Introduction
In this series of articles, I will present a few real-life problems and a few different ways to solve them. In this series we may not discuss new stuff. Rather, we will be going through things that you already know. More specifically, we would focus on performing some of the day-to-day tasks using TSQL functions and KEYWORDS that we already know.
This article is about a TSQL query that I had to write recently to generate certain values based on certain rules. I have an excel sheet which contains the Item Numbers of a warehouse management application. I need to generate a new number for each item based on a set of rules.
The Problem
I need to generate a new Item Code for the items in the warehouse. The current Code is 12 digit long and it is getting difficult to perform manual data entry. The idea is to generate a new Item Code for each item. Here is the sample data that I have. (For privacy reasons, I am not presenting the actual data)

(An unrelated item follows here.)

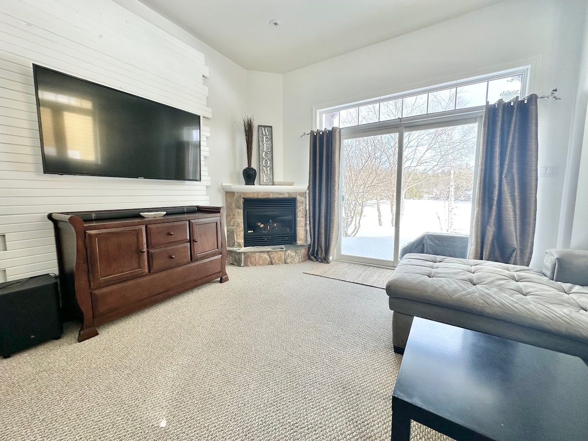 Luxury lakefront cottage. Shallow wade-in water near the shore and deep off the large 20x20ft dock. Custom stone steps will take you down to both the dock and the lake. Large outdoor dining options and many areas to sit and relax. Spacious chef's kitchen. Large indoor wood-burning fireplace, outdoor fire pit, and lots of water toys, including 2 kayaks, 1 canoe and a SUP board. There is also a trampoline for the kids! Fully maintained road makes this a perfect winter getaway location in winter!

Category | Item Description |
LAYH | Item 1 |
LAYH | Item 2 |
LAYH | Item 3 |
LSA | Item 4 |
LSA | Item 5 |
LSA | Item 6 |
LSA | Item 7 |
LSA | Item 8 |
LSA | Item 9 |
LSA | Item 10 |
LSA | Item 11 |
LSA | Item 12 |
LSA | Item 13 |
LSA | Item 14 |
LSA | Item 15 |
LSA | Item 16 |
LSA | Item 17 |
LSA | Item 18 |
LSA | Item 19 |
LSA | Item 20 |
UT | Item 21 |
UT | Item 22 |
I need to generate the new Item code based on the following rules.
- The Item code should be generated from the Category Code (first column)
- The new Item code should be 6 characters long.
- Append a sequence number at the end of the category code to generate the new number.
- Prefix the sequence number with "0"s (one or more zeros) to make the length of the
code to 6 characters.
- Length of category code will vary from 2 to 4 characters.
- Some of the categories have close to 1000 items under them. So the sequence number
should use 0-9 as well as A-Z to make sure that we have enough combination of values.
For example, after 09 the next value should be 0A, should go until 0Z and then jump
to 10
Here is the expected result and here is the excel file that I am using.
Category | Item Description | Item ID |
LAYH | Item 1 | LAYH00 |
LAYH | Item 2 | LAYH01 |
LAYH | Item 3 | LAYH02 |
LSA | Item 4 | LSA000 |
LSA | Item 5 | LSA001 |
LSA | Item 6 | LSA002 |
LSA | Item 7 | LSA003 |
LSA | Item 8 | LSA004 |
LSA | Item 9 | LSA005 |
LSA | Item 10 | LSA006 |
LSA | Item 11 | LSA007 |
LSA | Item 12 | LSA008 |
LSA | Item 13 | LSA009 |
LSA | Item 14 | LSA00A |
LSA | Item 15 | LSA00B |
LSA | Item 16 | LSA00C |
LSA | Item 17 | LSA00D |
LSA | Item 18 | LSA00E |
LSA | Item 19 | LSA00F |
LSA | Item 20 | LSA00G |
UT | Item 21 | UT0000 |
UT | Item 22 | UT0001 |
Writing the query
There are at least 2 (or even more) approaches that we can jump start with. I did not want to use a CURSOR. Hence I thought of writing a query that generates the new item code by applying all the rules. I wanted to use ROW_NUMBER() with ORDER BY and PARTITION BY to generate a sequence number within each group.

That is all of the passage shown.